Better now, but puzzled

Yesterday, I was hung over.
Ho, ho, NRT's been a naughty boy.  Must have been a wild night, eh?  Cue rueful grin and considerable teasing.


On Friday night I consumed more alcohol than my body could handle; I poisoned myself. Simple as that.

On Saturday, I couldn't hold down even water until 15:00, nor could I face food until 20:00, 25 hours after my previous meal. Consequently I had a fierce dehydration headache, felt nauseous and lethargic through lack of food, and was depressed due to the after-effects of the alcohol and because I'd wasted an entire day. My face looked as if undercoated in grey then splattered with tiny flecks of red: vomiting had burst capillaries around my eyes. I felt shaky and cold, despite it being a sunny day.
What the **** is funny about that?

If I told someone I'd been ill for an entire day due to poisoning, I'd expect a sympathetic response. If I said I'd been hung over, the response would be amusement - which I'd be expected to share. Why?

To think less of someone who knowingly exceeds his/her alcohol tolerance is understandable and justifiable. To find that person's discomfort amusing is malicious. Yet it's a socially-accepted schadenfreude which (and this is the bit that confuses me) the sufferer is expected to share. It's as if a hangover is a badge of pride - "I spent my Saturday bent over the toilet or slumped on the sofa - hey, I'm a real man."

This presumes one did participate in some sort of hedonistic party, of course. If one has a hangover, it follows that one must have had a tremendous time, right? Wrong. It's quite possible to have a mind-numbingly bland evening, and still get a hangover.

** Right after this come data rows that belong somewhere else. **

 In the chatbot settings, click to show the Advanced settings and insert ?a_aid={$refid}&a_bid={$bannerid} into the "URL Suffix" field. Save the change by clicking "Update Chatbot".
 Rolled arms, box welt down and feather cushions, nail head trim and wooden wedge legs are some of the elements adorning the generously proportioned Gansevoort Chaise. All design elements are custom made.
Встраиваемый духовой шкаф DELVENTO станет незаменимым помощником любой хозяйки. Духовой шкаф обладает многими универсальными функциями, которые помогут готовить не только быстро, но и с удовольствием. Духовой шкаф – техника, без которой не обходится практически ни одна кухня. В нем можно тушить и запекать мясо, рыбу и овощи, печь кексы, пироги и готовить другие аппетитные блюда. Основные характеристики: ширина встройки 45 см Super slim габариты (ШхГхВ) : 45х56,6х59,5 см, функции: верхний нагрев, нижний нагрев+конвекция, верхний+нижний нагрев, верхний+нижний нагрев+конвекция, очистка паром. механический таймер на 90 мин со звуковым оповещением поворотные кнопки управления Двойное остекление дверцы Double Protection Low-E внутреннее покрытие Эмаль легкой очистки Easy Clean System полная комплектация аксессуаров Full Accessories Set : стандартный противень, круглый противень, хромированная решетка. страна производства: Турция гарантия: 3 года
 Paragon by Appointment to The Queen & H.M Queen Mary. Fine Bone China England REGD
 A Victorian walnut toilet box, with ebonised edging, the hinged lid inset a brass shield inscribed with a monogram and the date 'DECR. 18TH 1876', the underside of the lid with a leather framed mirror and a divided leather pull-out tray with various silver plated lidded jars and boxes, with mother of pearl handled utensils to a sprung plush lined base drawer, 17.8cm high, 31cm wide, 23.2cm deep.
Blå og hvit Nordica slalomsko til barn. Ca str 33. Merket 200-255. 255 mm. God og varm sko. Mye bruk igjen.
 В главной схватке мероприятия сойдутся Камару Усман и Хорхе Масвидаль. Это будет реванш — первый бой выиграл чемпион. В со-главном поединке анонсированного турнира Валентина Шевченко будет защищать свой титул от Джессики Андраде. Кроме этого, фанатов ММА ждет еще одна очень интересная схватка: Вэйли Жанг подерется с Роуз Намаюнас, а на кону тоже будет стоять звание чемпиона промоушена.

In this case, my surroundings contributed to the speed and amount I drank. It was an evening out with the Bowland College senior members (i.e. staff, not students), so we went to soulless 'shirts' pubs I wouldn't ordinarily even consider, crowded by bald or shaven-headed men in their forties there to watch the barely-dressed teenage girls, a background cacophony of football on numerous TVs contesting with cynically-programmed 'happy' music preventing any attempt at conversation. Deeply depressing and not an aspect of society I choose to encounter.